Even as early as 1919, when two players – Ranji Wilson, of Barbadian descent, and Maori ‘Pare’ Tureia – were not selected for the NZ Army team to face South Africa to appease the latter, the ugly spectre of racism was rearing its head. In 1921 there was the infamous match report to South Africa by journalist Mort Blackett, which was leaked, detailing how it was disgraceful that some of the crowd should be cheering the home team, the New Zealand Maori, against members of its own race.
By 1956, New Zealand would have done just about anything to try and beat the Boks, having been blanked 4-0 on the 1949 series in the republic, and having suffered their first (of just five in all) home series defeat to the Boks in 1937, when Danie Craven’s dive-passing wowed the crowds. The 17-6 win at Eden Park (five tries to none!) to decide the series represented one of the All Blacks’ worst defeats at what has become their national stadium.
Palenski was at Carisbrook in 1956 to see the All Blacks edge the Boks 10-6 in a tussle that swung on a Ron Jarden intercept try. But if you thought the 2021 Boks-Lions lacked much imaginative rugby, it was nothing compared to the 1956 series – as dour a struggle, despite its combative undertones, as one could imagine.
“Prior to that, the South Africans and New Zealanders often said they wanted to play attacking rugby and wanted to be better than the dull style of the British, but when it came to the crunch, they played any style as long as they won. That’s what 1956 became. I hate comparing rugby to warfare, but it became a siege mentality. Defence was the main thing,” he says.
“It was exciting because the All Blacks were playing the Springboks, not because the rugby was exciting.”
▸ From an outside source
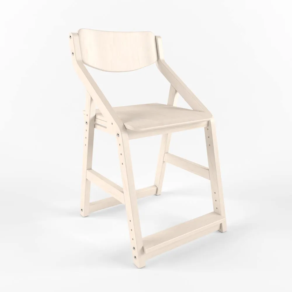 Растущий стул коллекция "Робин Вуд" изготовлен из массива березы (каркас) и фанеры, покрытый эмалью. Нагрузка на стул 100 кг. Стул предназначен для сидения за взрослым письменным столом детям с 6 лет.

We’ll never know exactly what happened before kickoff in the Boks match against the New Zealand Maori at Eden Park on that tour, but the latter were smashed 37-0 in a remarkably passive display, one of the lowest points in this team’s proud history.
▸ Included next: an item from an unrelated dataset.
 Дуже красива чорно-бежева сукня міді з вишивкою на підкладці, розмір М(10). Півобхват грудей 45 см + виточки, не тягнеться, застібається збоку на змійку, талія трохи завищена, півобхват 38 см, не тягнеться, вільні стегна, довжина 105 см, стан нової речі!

Maori fullback Muru Walters came out years later and said his team were told to lose the match “for the future of rugby” after the tensions of 1921 and the political nature of the fixture.
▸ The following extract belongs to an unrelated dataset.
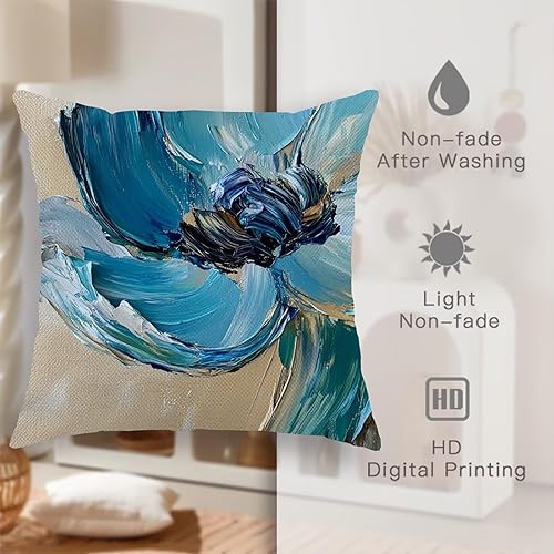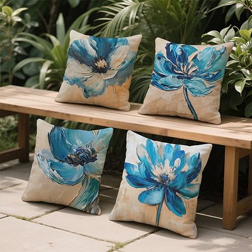 Housse Coussin Exterieur Impermeable 60X60cm Lot De 4 Bleu Coussin Canape Moderne DéCoratives en Coton Lin Taie Oreiller de Canapé Housse de Coussincarré pour Patio Jardin Salon Chambre DéCoration J-2

Palenski finds that assertion hard to swallow.
“In essence, the word got to the Maori to take it easy. I just cannot believe they were told to throw the game,” he says.
Men like No 8 Albie Pryor and lock ‘Tiny’ Hill were not ones to take a backward step, so their reactions may not have been printable.
As the years went by, there seemed to be a thawing of relations between the All Blacks and Boks. Wilson Whineray had a bit to do with that as captain in the 1960 and 1965 series. The rugby was still fierce but there was a friendlier atmosphere, more mutual respect, which is the case today.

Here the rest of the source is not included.